Below is the CV score comparison of the three models where we see the regression models fare better than the neural network model
Model Training
From a time perspective, the results did not differ much : The GPR still takes a very long time and the SVR trains extremely quickly
and the GPR still consumes a lot of GPU memory.
which can be mitigated by using approximate methods like the SVGP. As far as model performance goes, the grid searches were a good indicator because the GPR > SVR > NN for the MAPE on noiseless testing data:
The following plots have the dashed lines as the noiseless testing MAPE and the solid lines as the noisy testing MAPE. We can compare the accuracy with 500 training points and 20000 training points of the models
Additionally, I made a plot showing three levels of noise: 0, 15, and 30
where one useful feature about the NN seems to be that it gets better or stays the same with more noise. With little noise, it performs much worse than the other two.
Optimization
A big motivation for why the synthetic data training is important is because it can illustrate how a learned model can even output the noise and make good predictions. I designed an optimization computational experiment to compare the effectiveness of the models.
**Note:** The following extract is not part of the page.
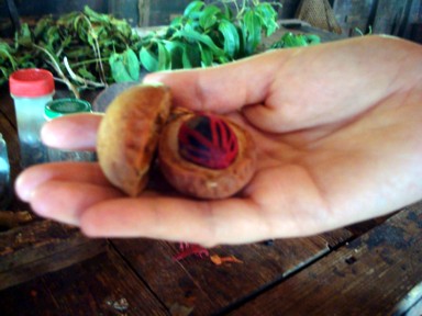 parecido al albaricoque, que se abre al madurar. La nuez moscada es la pipa de

I fixed the intensity to be the maximum and examined which points in the target thickness - focal distance space would have maximum proton energy closest to a specified cutoff but also laser to proton conversion efficiency (equivalently total proton energy in our model) to be as high as possible (so long as the maximum proton energy isn’t more than $15 \%$ away from the specified cutoff). The following plot illustrates the region in phase space where these conditions are satisfied
where the gray lines are the $15 \%$ cutoff, the red lines indicate the exact energy cutoff, and the green region only maximizes the total energy. The blue region weights both maximizing the total energy and also keeping the max energy near the cutoff and is primarily the region of interest. The green and blue regions are within 5 percent of the optimal value indicated with the green and blue stars.
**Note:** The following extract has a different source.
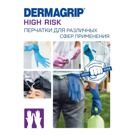 Перчатки смотровые Dermagrip High Risk CТ0000000688 латекс 50шт р.XL

If we did not train a ML model and just plotted 2,000 points worth of data (with 30 percent added noise) we would get a plot like this:
where the individual blue and green points fall within 5 percent of the blue and green stars. This plot is not very helpful, the predictions are all over the place because the high noise level and limited amount of data.
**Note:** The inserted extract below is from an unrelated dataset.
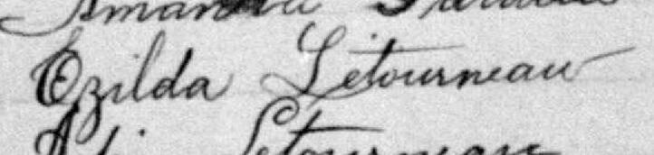 Elle est aussi connue sous le nom de Ezilda Létourneau 1, 2, 3, 4, 5, 6, 7, 8, 9, 10. Elle est aussi connue sous le nom de Marie Ezilda Létourneau 10, 11. Elle est aussi connue sous le nom de Ezilda Letourneau 12. Elle est aussi connue sous le nom de Azilda Létourneau 13. Elle est baptisée Marie Auxilda Létourneau 14. Elle signe M. Exilda Létourneau 11. Elle est la fille de Joseph Vital Létourneau 8, 10, 14 et Delphine Vaillancourt 8, 10, 14. Elle est la filleule de Marie Vaillancourt 14 et Pierre Cyrille Primont 14.

Instead, we can fit a ML model to 2,000 points of data which will smooth out the noise. Then, I made 100,000 prediction points from these trained models and evaluated the desired objective functions on each to make the plots seen below
Here, the GPR seems to perform the best and the NN worst as expected. Even so, all models still provide a much better estimate than the raw data.
To Do
- Learn about PyEpics and how to send commands with python
- Look through LabView files and see if I can make any modification to the looping programs
- Figure out how to deal with times possibly being off
- Make a program to append relevant data to h5 file where they are all aligned by shot num or time
- Use simplified version of MATLab code get rough estimate of conversion of Pixel Number to Energy (Bfield only) and see if this is a linear transformation. If so, maybe this conversion isn’t really necessary.